# TASK:
The output should match, line for line, the records from the line containing "栃木県で開かれた『第77回国" through the line containing "Po vstupu do", with every picture left out.

==== MATERIAL FOR THIS TASK ====

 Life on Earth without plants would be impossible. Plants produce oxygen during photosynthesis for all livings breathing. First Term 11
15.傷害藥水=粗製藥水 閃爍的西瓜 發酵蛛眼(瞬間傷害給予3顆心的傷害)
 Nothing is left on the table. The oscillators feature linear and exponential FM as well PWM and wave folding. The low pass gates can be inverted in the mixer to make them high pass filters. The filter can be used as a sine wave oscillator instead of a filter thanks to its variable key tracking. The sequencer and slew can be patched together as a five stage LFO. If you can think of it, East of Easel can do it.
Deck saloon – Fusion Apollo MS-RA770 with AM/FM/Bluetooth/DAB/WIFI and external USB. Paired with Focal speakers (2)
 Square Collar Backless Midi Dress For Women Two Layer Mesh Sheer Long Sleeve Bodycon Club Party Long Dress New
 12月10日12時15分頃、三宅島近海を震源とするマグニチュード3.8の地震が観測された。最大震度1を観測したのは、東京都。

====
==== MATERIAL FOR THIS TASK ====

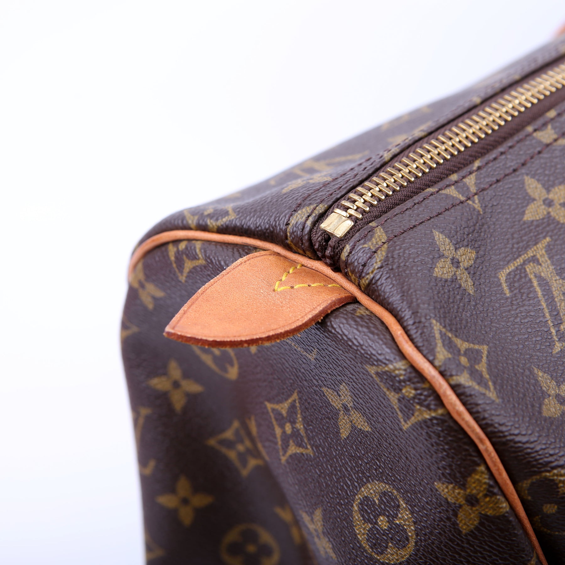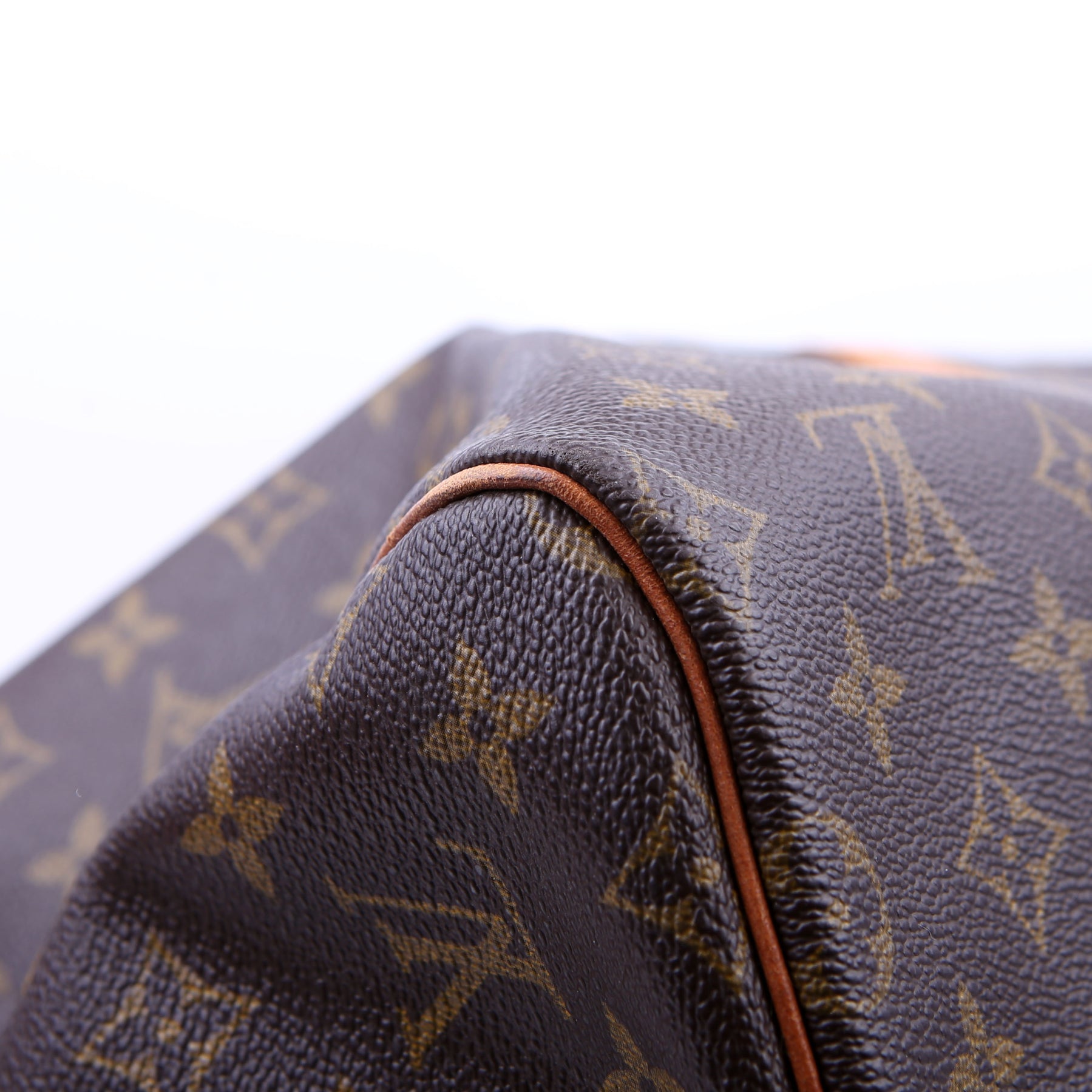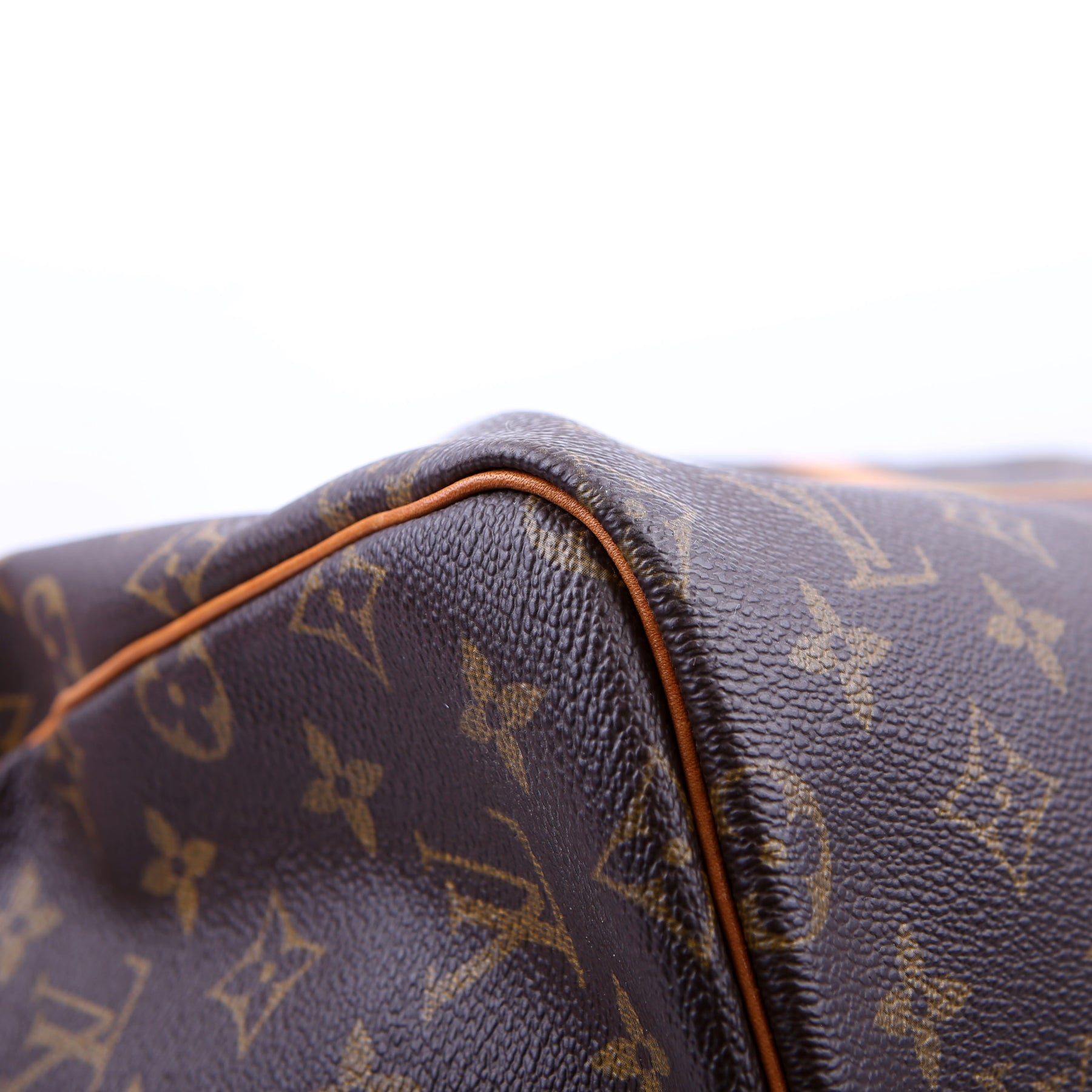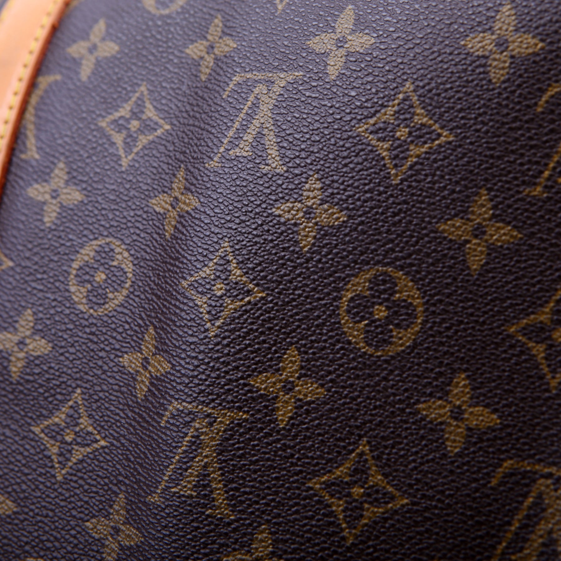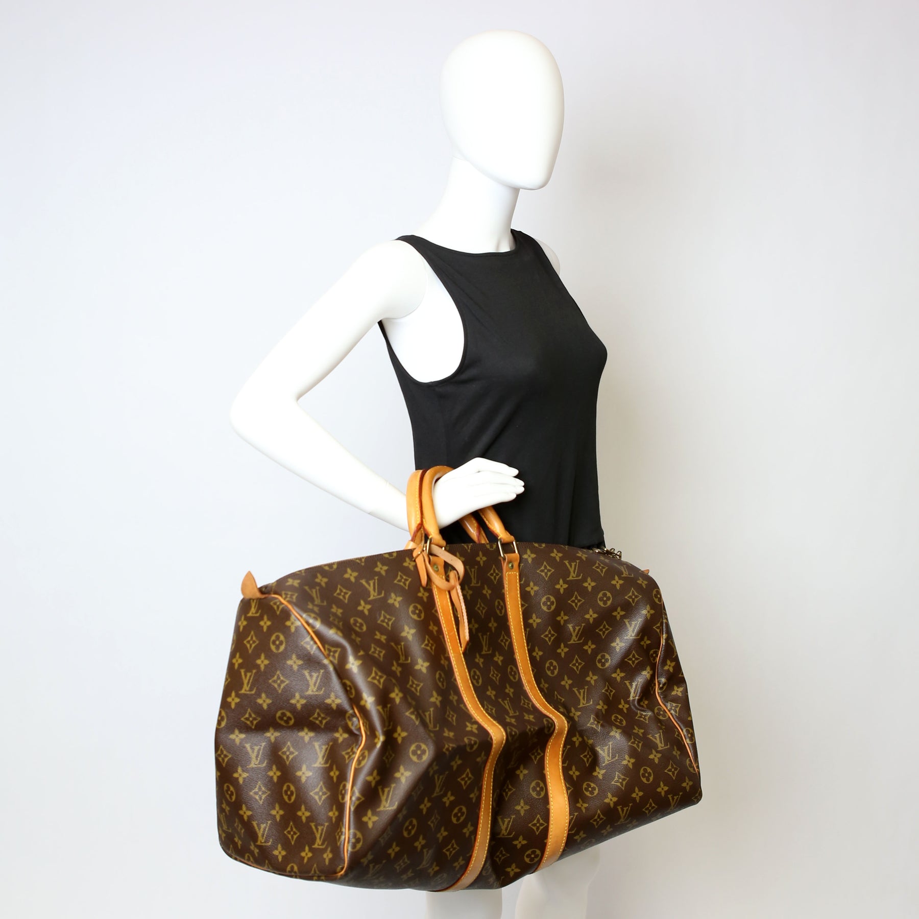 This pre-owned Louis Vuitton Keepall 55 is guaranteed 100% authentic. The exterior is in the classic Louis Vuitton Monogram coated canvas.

====
==== MATERIAL FOR THIS TASK ====

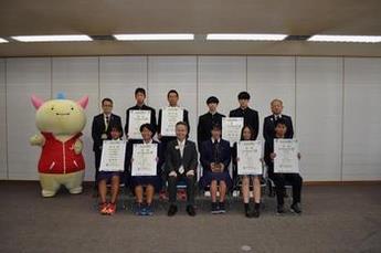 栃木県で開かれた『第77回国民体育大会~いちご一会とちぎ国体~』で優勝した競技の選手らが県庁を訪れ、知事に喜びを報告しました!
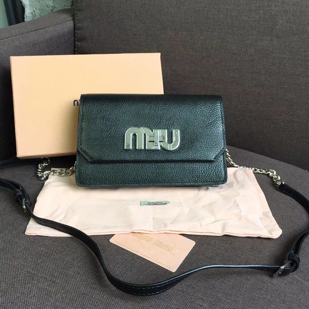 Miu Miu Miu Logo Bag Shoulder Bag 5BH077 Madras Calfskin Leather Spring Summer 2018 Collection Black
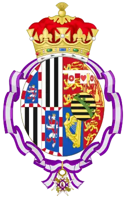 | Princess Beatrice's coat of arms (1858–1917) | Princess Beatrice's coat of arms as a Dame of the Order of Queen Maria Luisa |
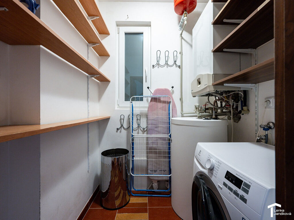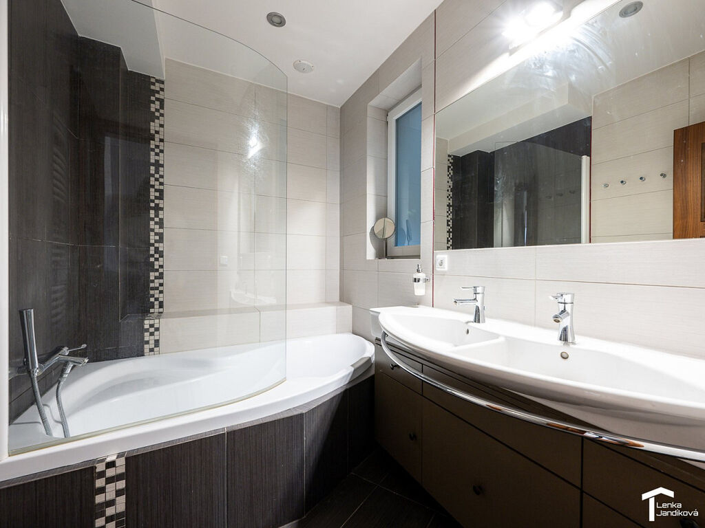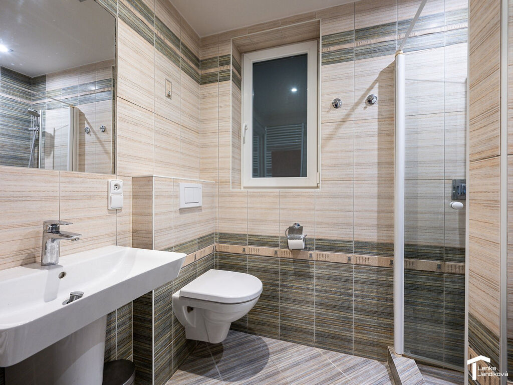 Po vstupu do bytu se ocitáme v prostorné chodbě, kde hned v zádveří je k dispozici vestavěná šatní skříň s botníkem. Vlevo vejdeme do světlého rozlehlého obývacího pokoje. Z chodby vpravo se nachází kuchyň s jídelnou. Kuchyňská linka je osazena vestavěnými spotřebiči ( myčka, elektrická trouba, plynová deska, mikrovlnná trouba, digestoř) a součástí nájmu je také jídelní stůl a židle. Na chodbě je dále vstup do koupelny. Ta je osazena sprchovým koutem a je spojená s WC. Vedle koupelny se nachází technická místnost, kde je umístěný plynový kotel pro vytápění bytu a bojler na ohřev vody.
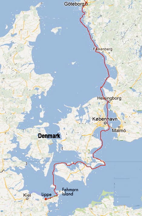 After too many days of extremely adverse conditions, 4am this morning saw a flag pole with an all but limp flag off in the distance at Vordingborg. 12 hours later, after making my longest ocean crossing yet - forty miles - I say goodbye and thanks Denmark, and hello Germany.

====

# RESPONSE BELOW:
 栃木県で開かれた『第77回国民体育大会~いちご一会とちぎ国体~』で優勝した競技の選手らが県庁を訪れ、知事に喜びを報告しました!
 Miu Miu Miu Logo Bag Shoulder Bag 5BH077 Madras Calfskin Leather Spring Summer 2018 Collection Black
 | Princess Beatrice's coat of arms (1858–1917) | Princess Beatrice's coat of arms as a Dame of the Order of Queen Maria Luisa |
 Po vstupu do bytu se ocitáme v prostorné chodbě, kde hned v zádveří je k dispozici vestavěná šatní skříň s botníkem. Vlevo vejdeme do světlého rozlehlého obývacího pokoje. Z chodby vpravo se nachází kuchyň s jídelnou. Kuchyňská linka je osazena vestavěnými spotřebiči ( myčka, elektrická trouba, plynová deska, mikrovlnná trouba, digestoř) a součástí nájmu je také jídelní stůl a židle. Na chodbě je dále vstup do koupelny. Ta je osazena sprchovým koutem a je spojená s WC. Vedle koupelny se nachází technická místnost, kde je umístěný plynový kotel pro vytápění bytu a bojler na ohřev vody.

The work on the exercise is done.